Welcome to the latest craze in philanthropy: competitions. Trying to shake up the traditionally exclusive and opaque process of grant-making, benefactors ranging from the Rockefeller Foundation to Virgin's Sir Richard Branson are funding public contests aimed at solving the world's ills. While these competitions sometimes fall short of generating viable solutions to the problems they seek to address, they're drawing plenty of publicity, money, and ideas to causes that usually draw resigned sighs.

"Can I tell you that more children are being fed somewhere, or health has improved [directly] because of a Changemakers competition?
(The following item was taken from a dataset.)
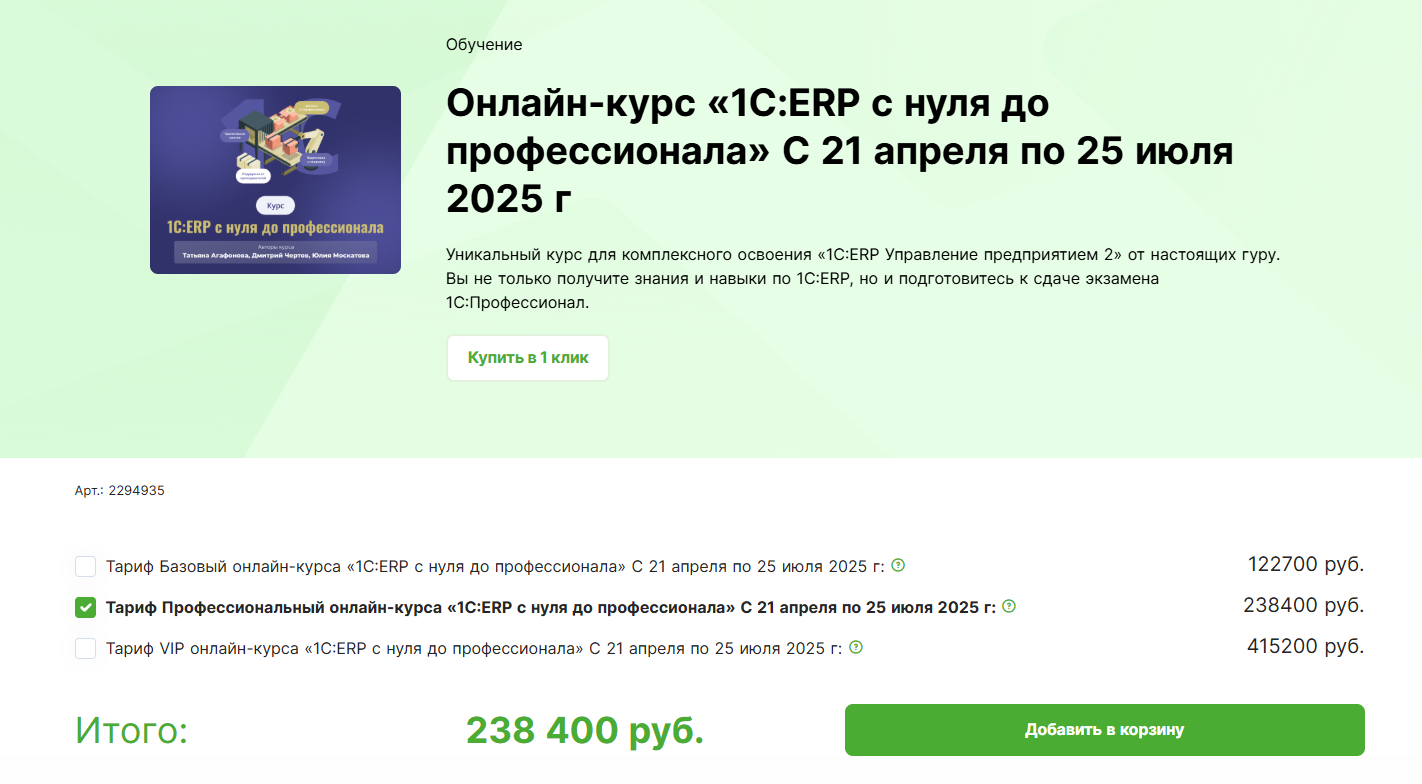 Решил поискать курсы по конфигурированию ERP. Какие-то курсы в интернете есть, но, в основном не по конфигурированию и, в некоготых случаях, ценник такой, что непонятно, зачем учить ERP тем, кто способен платить за такие курсы: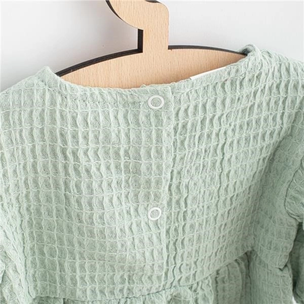 Abitino in mussola per bambini dallo stile moderno e confortevole, taglio oversize con maniche 3/4 e chiusura a bottoncini a pressione sul retro. Realizzato in mussola di alta qualità, traspirante e resistente per l’uso quotidiano e le occasioni speciali. Il morbido tessuto 100% cotone dalla bella texture è ideale per le giornate primaverili, autunnali e più fresche.

No," says Nancy Barrand, a senior program officer at the $10 billion Robert Wood Johnson Foundation, which sponsored the Changemakers health-care competition and is considering entrants for $5 million in grants. "But if you believe that change comes from making more people aware of a problem and bringing more resources to bear on that problem, then I think Changemakers does have an impact."

In many ways, publicity is the most valuable by-product offered by competitions—not only for the causes and the foundations that champion them, but also on those laboring away in the trenches to help solve them.

Diane Flannery, the co-director of the Semel Institute at U.C.L.A. who won one of the prizes in the Changemakers health-care competition for her proposal for accessible family counseling, says the contest gave her team a whole new level of exposure, putting her in touch with many potential funders and collaborators.

"We got called by people at U.C.L.A. who didn't even know what we were doing and were interested in our work," recalls Flannery, who says she was initially skeptical about philanthropic competitions.

Competitions to spur innovation and do social good aren't new—Charles Lindbergh's 1927 transatlantic flight was famously the result of a $25,000 competition that helped spur the growth of commercial air travel—but the sheer range and number of competitions being put together is.